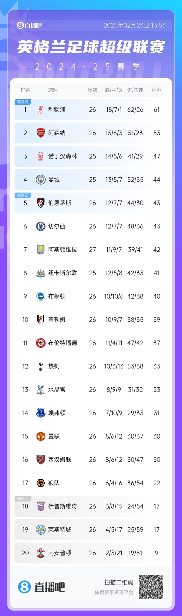 ??2025年02月23日 德甲-多特6-0柏林聯(lián)合聯(lián)賽近8輪首勝 吉拉西大四喜格羅斯四助攻 ??2025年02月23日 終結(jié)兩連平!馬競(jìng)3-0瓦倫西亞 阿爾瓦雷斯雙響+失單刀科雷亞破門 ??2025年02月23日 法甲-哈拉爾德松梅開二度 里爾主場(chǎng)2-1摩納哥 ??2025年02月23日 西甲-德弗魯托斯染紅阿約澤-佩雷斯制勝 比利亞雷亞爾1-0巴列卡諾 ??2025年02月23日 兩輪不勝!切爾西1-2遭維拉絕殺 阿森西奧雙響+絕殺拉師傅兩助攻 ??2025年02月23日 英超-若昂-佩德羅傳射三笘薫破門 布萊頓4-0南安普頓各賽事3連勝 ??2025年02月23日 英超-穆尼奧斯破門 水晶宮2-0終結(jié)富勒姆3連勝 ??2025年02月23日 英超-扎巴尼染紅庫(kù)尼亞破門制勝 狼隊(duì)客場(chǎng)1-0伯恩茅斯 ??2025年02月23日 德甲-毛里斯15分鐘帽子戲法 奧格斯堡客場(chǎng)3-0門興 ??2025年02月23日 德甲-馬索維奇破門斯萬(wàn)貝里扳平 沃爾夫斯堡1-1戰(zhàn)平波鴻 ??2025年02月23日 德甲-李在城替補(bǔ)傳射內(nèi)部二破門 美因茨2-0圣保利 ??2025年02月23日 德甲-勒沃庫(kù)森2-0基爾先賽落后5分 ??似崎T阿德利建功 ??2025年02月23日 夢(mèng)游!AC米蘭1-2都靈近4場(chǎng)僅1勝 邁尼昂失誤佳夫?yàn)觚埰绽髌媸c(diǎn) ??2025年02月23日 意甲-邦尼破門索姆建功 帕爾馬主場(chǎng)2-0博洛尼亞 ??2025年02月23日 意甲-雙方均無(wú)建樹 拉齊奧客場(chǎng)0-0威尼斯
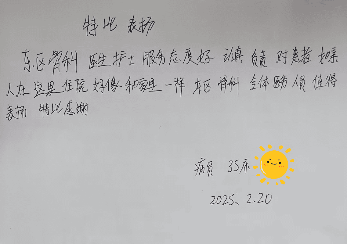 2月20日,我院骨科东区收到一面患者送的锦旗和一封手写的表扬信。据了解,李阿姨因右侧股骨粗隆间骨折入院,经过手术治疗,术后恢复良好,现已康复出院。这面锦旗是患者及家属对我院医护人员精湛医术和辛勤付出的高度认可。
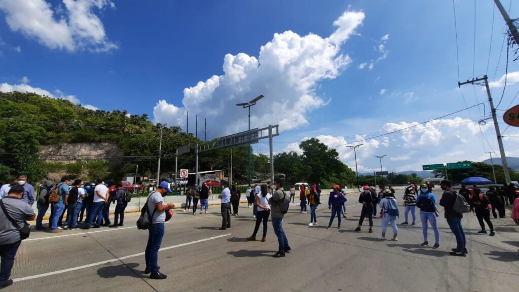 La movilización, en la que participaron unos 60 jóvenes, partió de las instalaciones de esa institución, ubicada al poniente de la capital, y avanzaron sobre el carril norte-sur de alta velocidad de esa via de comunicación federal con dirección al Parador del Marqués, el cual bloquearon.
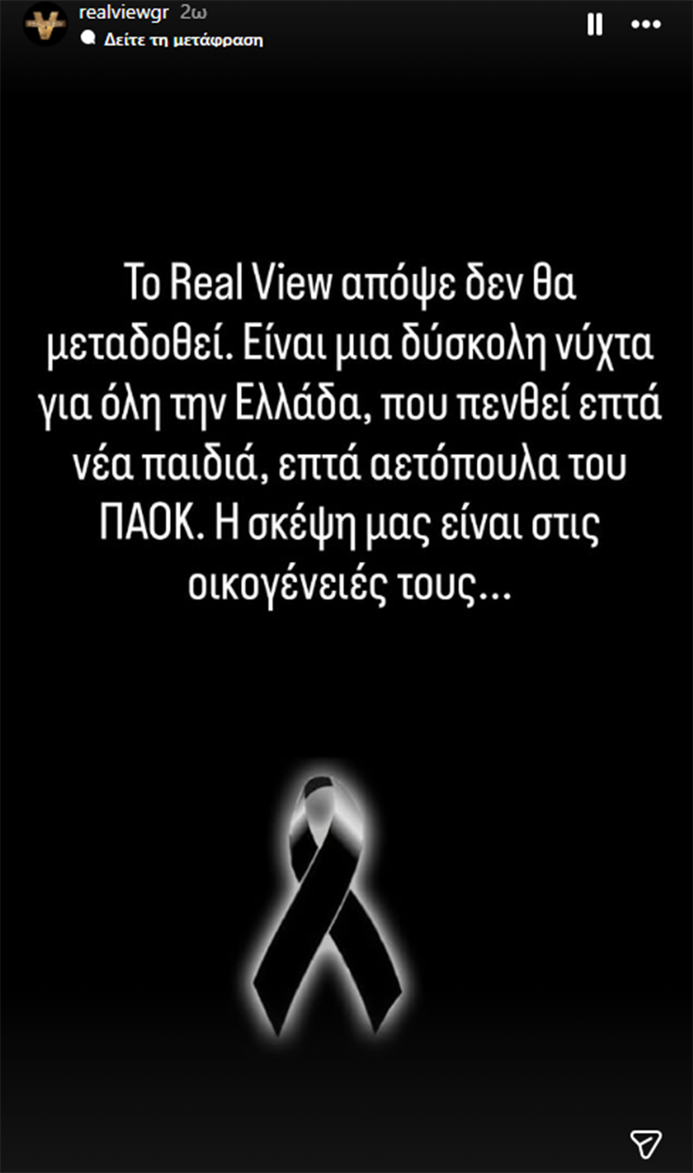 «Το Real View απόψε δεν θα μεταδοθεί. Είναι μια δύσκολη νύχτα για όλη την Ελλάδα, που πενθεί επτά νέα παιδιά, επτά αετόπουλα του ΠΑΟΚ. Η σκέψη μας είναι στις οικογένειές τους…», ανέφερε η ανακοίνωση της εκπομπής» ήταν το μήνυμα στον επίσημο λογαριασμό της εκπομπής στο Instagram.
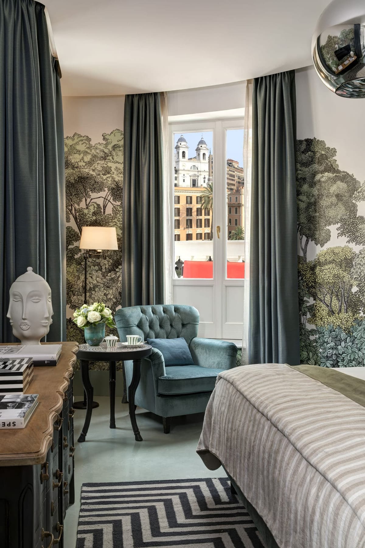 In Piazza di Spagna, five private apartments in an 18th-century palazzo. Above: a majestic rooftop terrace overlooking the Spanish Steps. Inside, the elegant design of Tommaso Ziffer and Olga Polizzi. The dedicated House concierge is always on call, and just across the square, guests can enjoy dining and spa services at the Hotel de la Ville. A contemporary offering built on the rich Italian tradition of Rocco Forte.
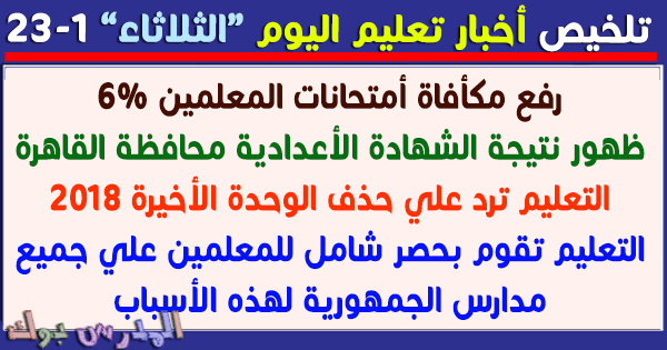 ننشر لكم أعزائي المتابعين تلخيص لأهم أخبار التعليم اليوم الثلاثاء الموافق 23/1/2018 ،والخبر الأول هو قيام وزارة التربية والتعليم بعمل حصر للمعلمين علي مستوي جمهورية مصر العربية من أجل توفير فرص عمل وسد العجز من المعلمين في الوزارة،صرح بهذا مساعد وزير التربية والتعليم والتعليم الفنى محمد مساعد
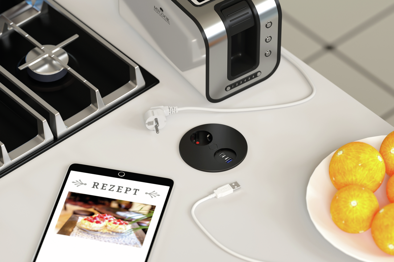 Socket element. Single and double USB A+C charger (charging station). Electric opening at the push of a button.
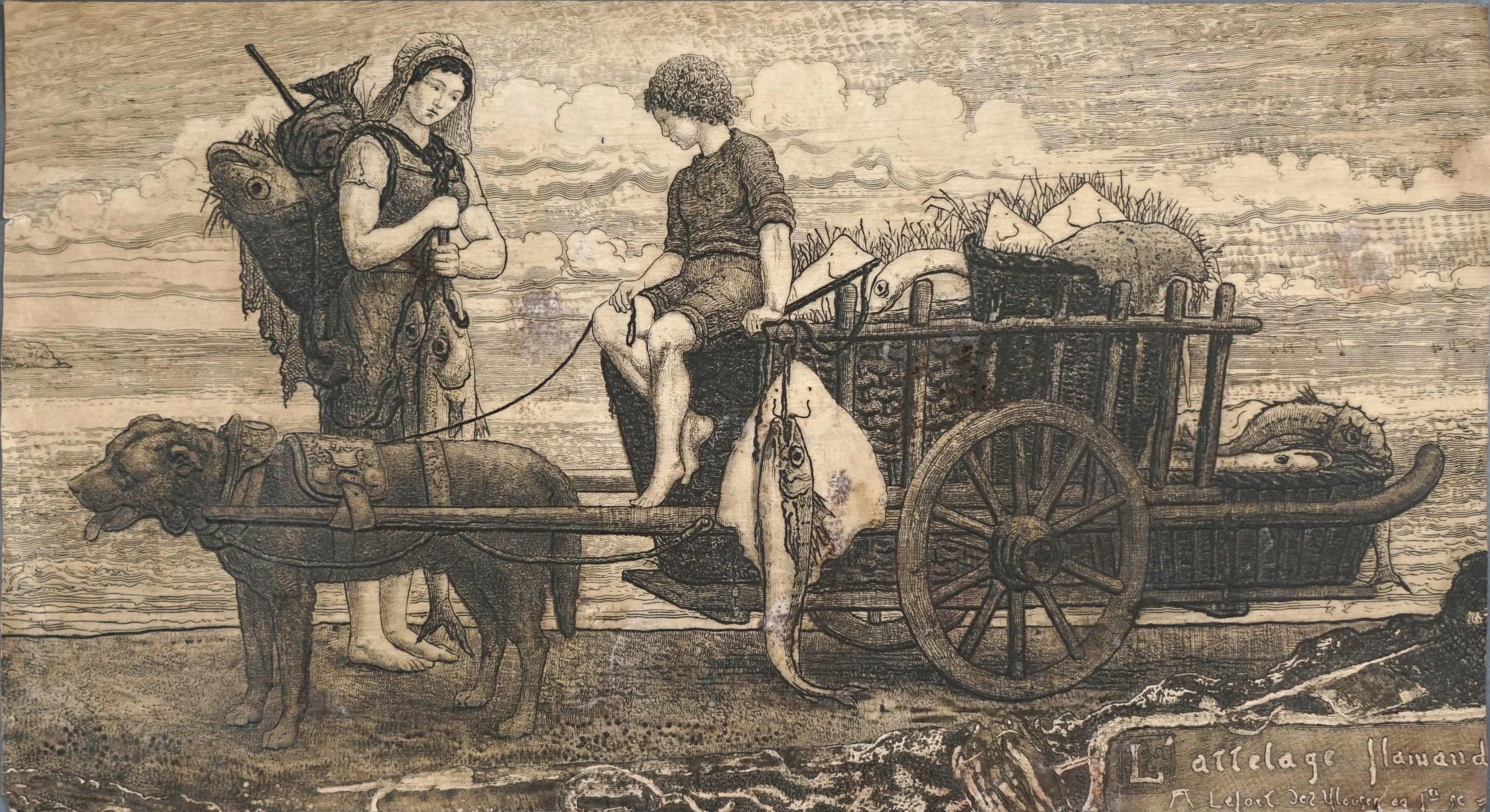 Arthur Henri LEFORT DES YLOUSES (1846-1912). The Flemish carriage. Etching in relief. Proof in black on laid paper trimmed to the subject. Signed lower right. 27 x 49 cm (folds and small tears).
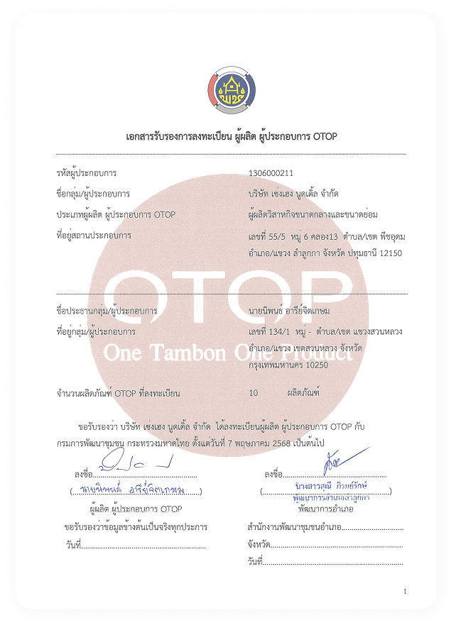 Sengheng Noodle OTOP Certificate
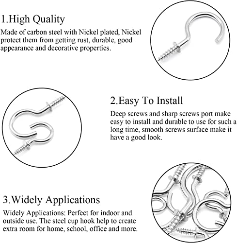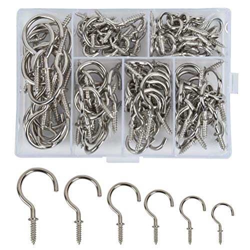 QLOUNI Ganci a Vite 120 Pezzi - 6 Ganci a Vite di Diverse Dimensioni per Occhiali, Vestiti, soffitto, Gioielli e Artigianato (Argento)
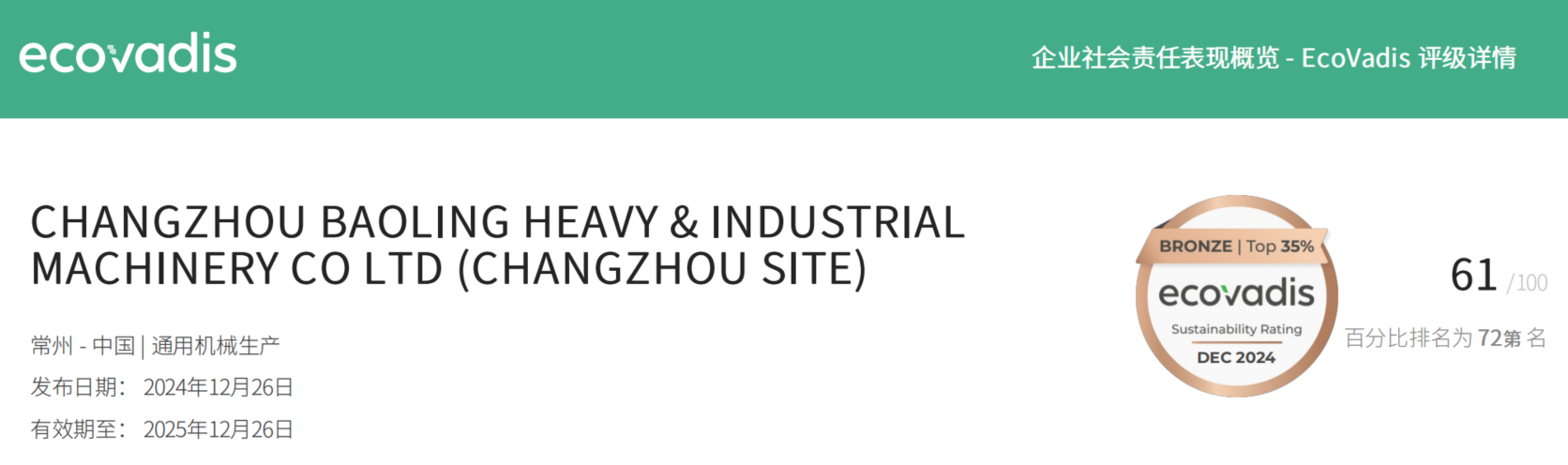 2024年12月26日,寶菱重工在EcoVadis企業(yè)社會責(zé)任評估中得分61分,并榮獲“銅牌”,在EcoVadis所有在評公司中躋身于前 35%(已超過 65% 以上的公司)。當(dāng)前,“環(huán)境、社會責(zé)任和公司治理”(簡稱:ESG)水平已成為衡量企業(yè)長期價值和可持續(xù)發(fā)展能力的關(guān)鍵因素,其核心在于“友好環(huán)境、尊重員工、合規(guī)經(jīng)營、可持續(xù)發(fā)展”。公司將可持續(xù)發(fā)展理念融入企業(yè)戰(zhàn)略與日程經(jīng)營活動中,推動導(dǎo)入ESG
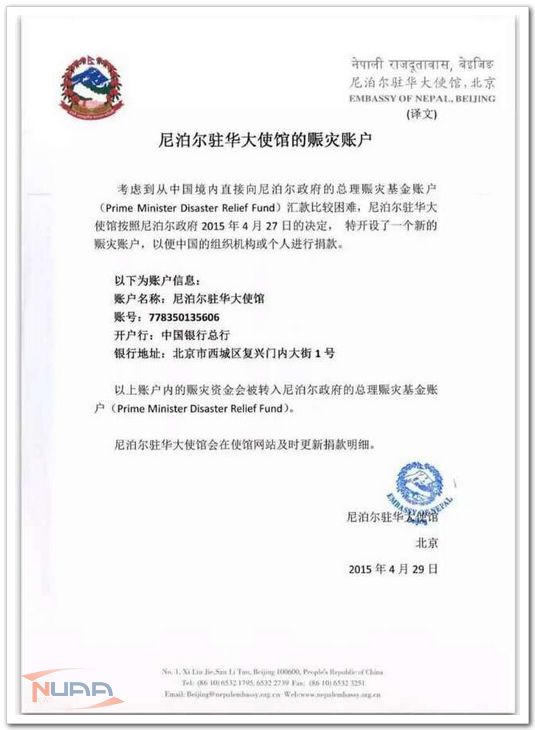 4月25日,尼泊尔发生里氏8.1级强烈地震,发生的大地震毁掉了尼泊尔19万栋房屋,造成7500多人死亡。尼泊尔城市、乡镇、学校、住房以及社区损失超过50亿美元(约合人民币310亿元),现在有810万尼泊尔人需要援助,其中300万人需要食物援助。 我校的三十多名尼泊尔留学生在得知这一消息后,心系祖国的安危,自4月27日起自发组织“为尼泊尔祈祷”募捐、祈福活动,在明故宫和将军路两个校区同时通过展板和文字的形式向师生宣传尼泊尔震后情况,开展募捐;来自印度、肯尼亚、孟加拉国等20 多个国家的留学生与我校校研究生会、学生会和留学生会的同学也纷纷加入募捐行列,帮助尼泊尔兄弟姐妹们共渡难关,为尼泊尔重建美好家园献出自己的一份爱心。 此次募捐活动得到我校广大师生的积极响应和大力支持,截止5月5日,通过各种渠道共筹集善款共计人民币68505.92元。5月6日上午十点,我校七名学生代表在江宁中国银行将募捐款汇入尼泊尔驻华大使馆赈灾账户。感谢所有的帮助者,心系尼泊尔,为尼泊尔祈福。有限的捐款代表的是无限的爱心,相信我们的爱会早日流入尼泊尔,让尼泊尔的兄弟姐妹感受到来自中华儿女的爱与帮助,坚定信念,战胜困难,重建家园。 ![]() ![]() ![]() |
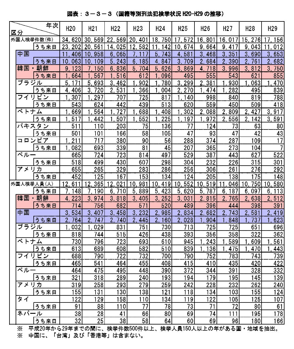 昔に比べれば、来日韓国人の犯罪件数が減っているのも事実だな。
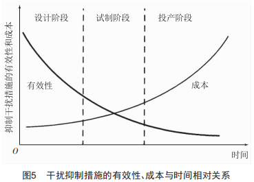 對(duì)電梯電磁兼容的改進(jìn)措施主要從抑制騷擾源、切斷騷擾耦合途徑、提高敏感設(shè)備的抗擾度三個(gè)方面進(jìn)行考慮[4-7],即分析電磁騷擾源、耦合路徑和敏感設(shè)備,并采取有效的技術(shù)手段。電梯電磁兼容的改善貫穿電梯的全生命周期,當(dāng)然,在電梯的設(shè)計(jì)階段采取合理的防干擾措施有效性最高,需要的成本也最低,如圖5所示。
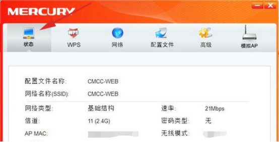 6. 用户将上述的 mercury 无线网卡驱动中的设置都完成后,点击“应用”按钮便可生效。最后,用户可以切换回“状态”项目,可以看到 mercury 无线网卡驱动可以正常使用了,使用电脑设备连接wifi即可。
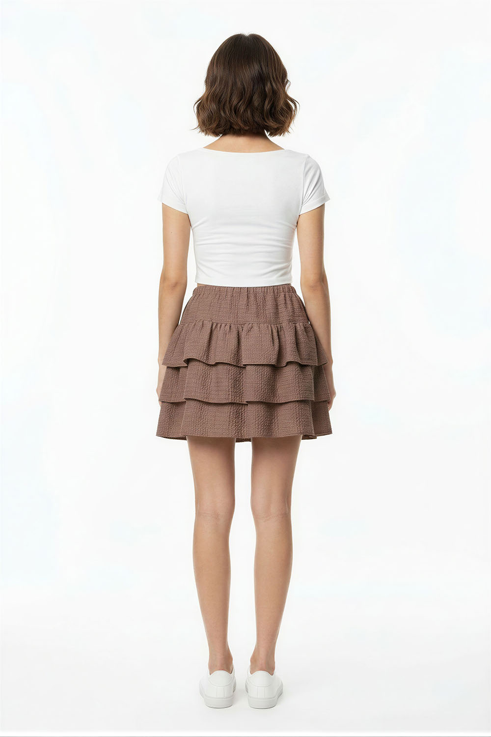 Minifalda con pretina amplia, diseño de capas con olanes, textura ligera, caída suave, terminación ondulada
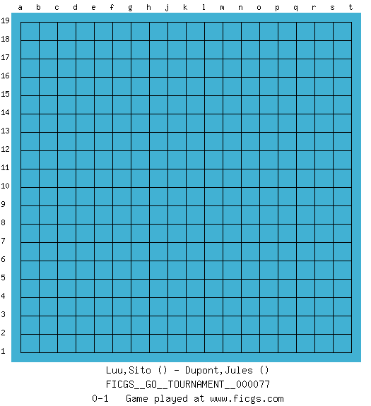 Last move : 0-1 2021 January 26 13:45:7 [Event "FICGS__GO__TOURNAMENT__000077"] [Site "FICGS"] [Date "2020.12.26"] [Round "1"] [Black "Luu,Sito"] [White "Dupont,Jules"] [Result "0-1"] 0-1 This go game has been lost on time (started : 2020.12.26 22:1:35) Here are the names of the openings (joseki) played in the four corners : Player White won this Go (weiqi, baduk) game. Follow this game move after move (download)Attach to the strongest stone in a pincer. (Anonymous) Excelling at chess has long been considered a symbol of more general intelligence. That is an incorrect assumption in my view, as pleasant as it might be. But for the purposes of argument and investigation, chess is, in Russkin-Gutman's words, 'an unparalleled laboratory, since both the learning process and the degree of ability obtained can be objectified and quantified, providing an excellent comparative framework on which to use rigorous analytical techniques.' (The Chess Master and the Computer, by Garry Kasparov - 2010)
----------
» **INSTRUCTIONS FOR THE TASK**:
The expected output is the exact run of lines from the first line of the material above through the line that contains "2月20日,我院骨科东区收到", minus any pictures.

» **SOLUTION**:
 ??2025年02月23日 德甲-多特6-0柏林聯(lián)合聯(lián)賽近8輪首勝 吉拉西大四喜格羅斯四助攻 ??2025年02月23日 終結(jié)兩連平!馬競(jìng)3-0瓦倫西亞 阿爾瓦雷斯雙響+失單刀科雷亞破門 ??2025年02月23日 法甲-哈拉爾德松梅開二度 里爾主場(chǎng)2-1摩納哥 ??2025年02月23日 西甲-德弗魯托斯染紅阿約澤-佩雷斯制勝 比利亞雷亞爾1-0巴列卡諾 ??2025年02月23日 兩輪不勝!切爾西1-2遭維拉絕殺 阿森西奧雙響+絕殺拉師傅兩助攻 ??2025年02月23日 英超-若昂-佩德羅傳射三笘薫破門 布萊頓4-0南安普頓各賽事3連勝 ??2025年02月23日 英超-穆尼奧斯破門 水晶宮2-0終結(jié)富勒姆3連勝 ??2025年02月23日 英超-扎巴尼染紅庫(kù)尼亞破門制勝 狼隊(duì)客場(chǎng)1-0伯恩茅斯 ??2025年02月23日 德甲-毛里斯15分鐘帽子戲法 奧格斯堡客場(chǎng)3-0門興 ??2025年02月23日 德甲-馬索維奇破門斯萬(wàn)貝里扳平 沃爾夫斯堡1-1戰(zhàn)平波鴻 ??2025年02月23日 德甲-李在城替補(bǔ)傳射內(nèi)部二破門 美因茨2-0圣保利 ??2025年02月23日 德甲-勒沃庫(kù)森2-0基爾先賽落后5分 ??似崎T阿德利建功 ??2025年02月23日 夢(mèng)游!AC米蘭1-2都靈近4場(chǎng)僅1勝 邁尼昂失誤佳夫?yàn)觚埰绽髌媸c(diǎn) ??2025年02月23日 意甲-邦尼破門索姆建功 帕爾馬主場(chǎng)2-0博洛尼亞 ??2025年02月23日 意甲-雙方均無(wú)建樹 拉齊奧客場(chǎng)0-0威尼斯
 2月20日,我院骨科东区收到一面患者送的锦旗和一封手写的表扬信。据了解,李阿姨因右侧股骨粗隆间骨折入院,经过手术治疗,术后恢复良好,现已康复出院。这面锦旗是患者及家属对我院医护人员精湛医术和辛勤付出的高度认可。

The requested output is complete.